> **PROMPT**
Write out every entry exactly as it appears, omitting the pictures.

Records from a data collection

============================================================

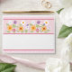This cute envelope features a pretty floral pattern with rickrack on the front, pink stripes on the inside flap, a cute flower and bird on the back flap, and a personalised name and return address. This design is simple and feminine, and it will be perfect for birthday party invitations, baby showers, and new baby announcements. Modify the text to fit your needs.
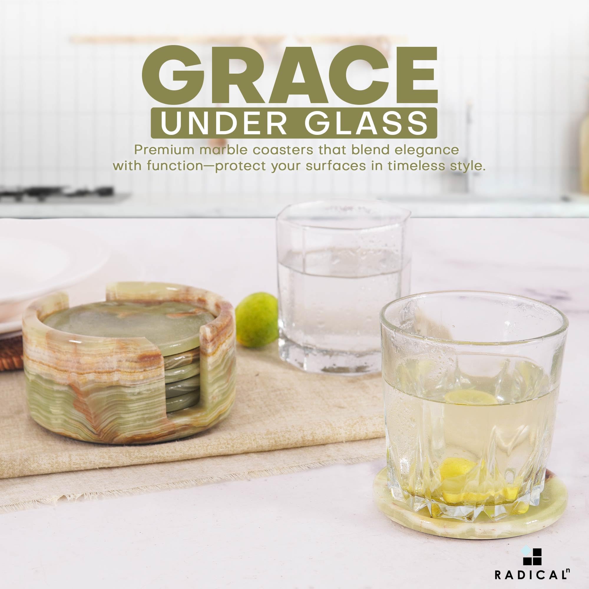 -8%Radicaln Green Onyx Marble Coasters Set of 6 Handmade 3.5" Inch Round Coasters for Drinks, Coaster Set with Holder for Dining Tables—
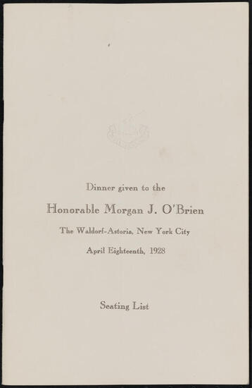 Seating List. Dinner in Honor of the British and French War Commissions Given by the Mayor of the City of New York
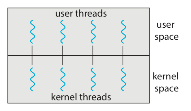 간단히 말해, 모든 유저 쓰레드가 각각의 커널 쓰레드와 매핑이 되는 것이다.
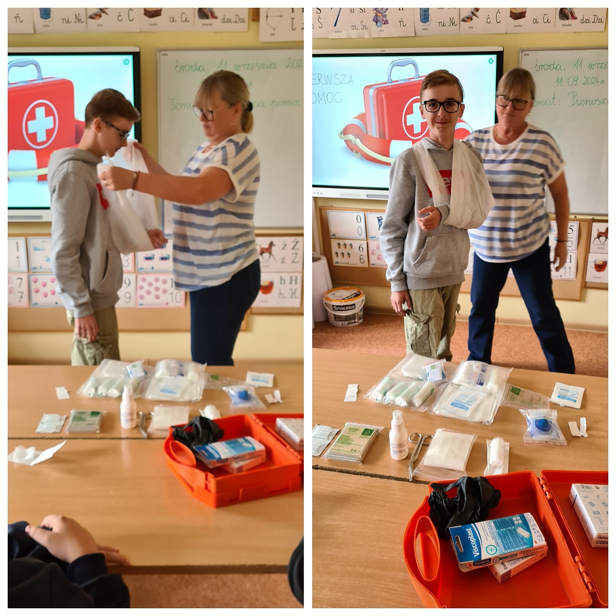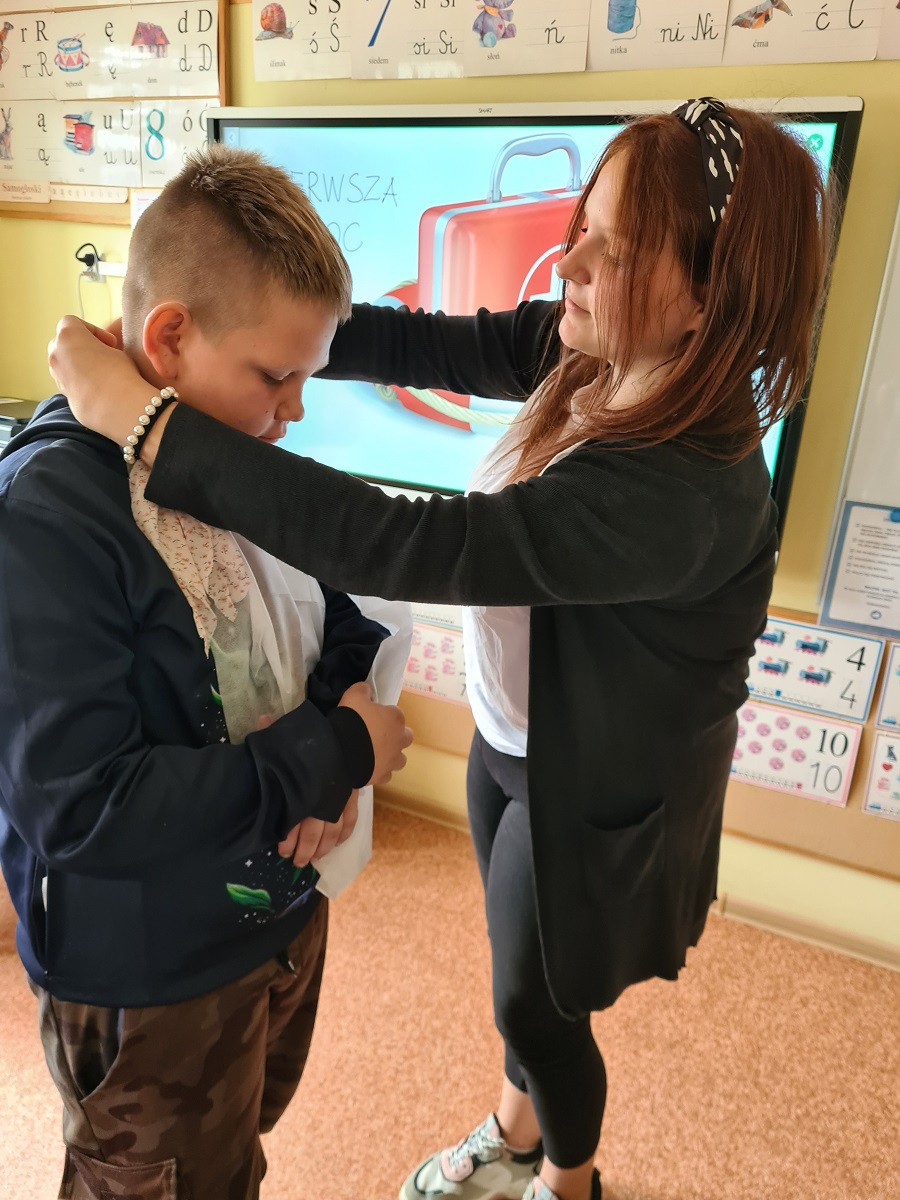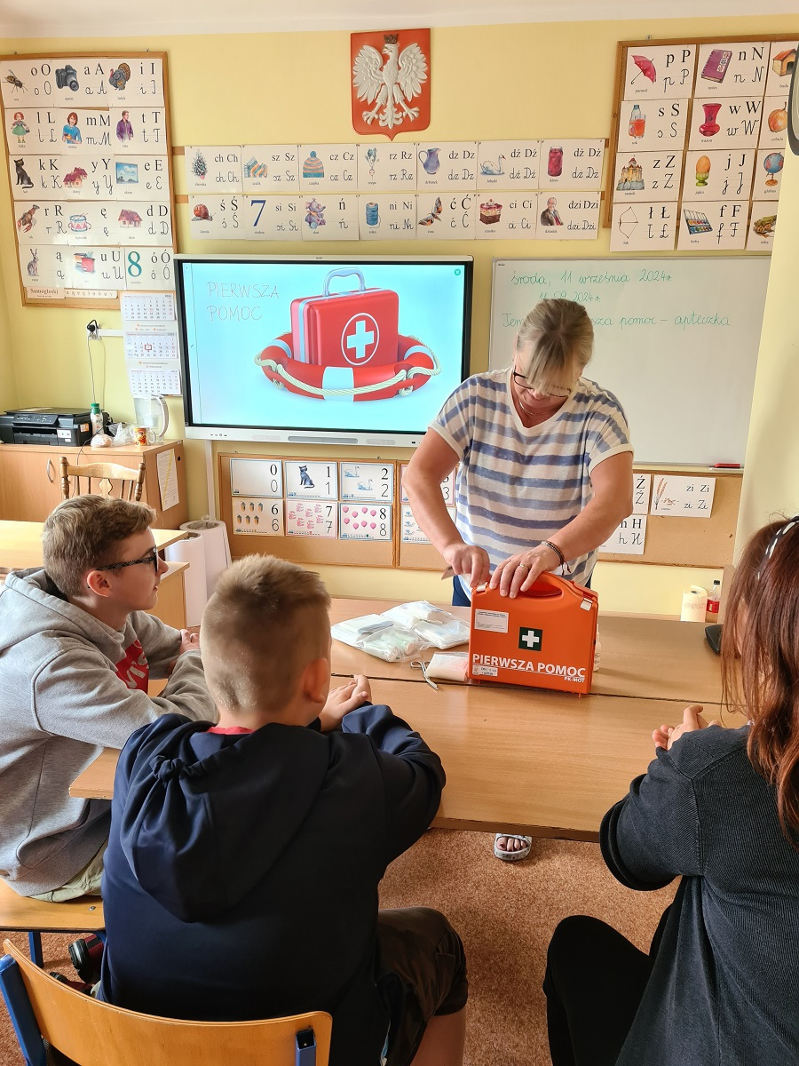 W ramach zajęć funkcjonowania osobistego i społecznego, uczniowie mieli praktyczne zajęcia z pielęgniarką szkolną z wykorzystaniem apteczki pierwszej pomocy. Uczymy się dbać o bezpieczeństwo w różnych sytuacjach, pomagać sobie i innym w razie potrzeby.

============================================================

> **EXERCISE RESULT**
This cute envelope features a pretty floral pattern with rickrack on the front, pink stripes on the inside flap, a cute flower and bird on the back flap, and a personalised name and return address. This design is simple and feminine, and it will be perfect for birthday party invitations, baby showers, and new baby announcements. Modify the text to fit your needs.
 -8%Radicaln Green Onyx Marble Coasters Set of 6 Handmade 3.5" Inch Round Coasters for Drinks, Coaster Set with Holder for Dining Tables—
 Seating List. Dinner in Honor of the British and French War Commissions Given by the Mayor of the City of New York
 간단히 말해, 모든 유저 쓰레드가 각각의 커널 쓰레드와 매핑이 되는 것이다.
 W ramach zajęć funkcjonowania osobistego i społecznego, uczniowie mieli praktyczne zajęcia z pielęgniarką szkolną z wykorzystaniem apteczki pierwszej pomocy. Uczymy się dbać o bezpieczeństwo w różnych sytuacjach, pomagać sobie i innym w razie potrzeby.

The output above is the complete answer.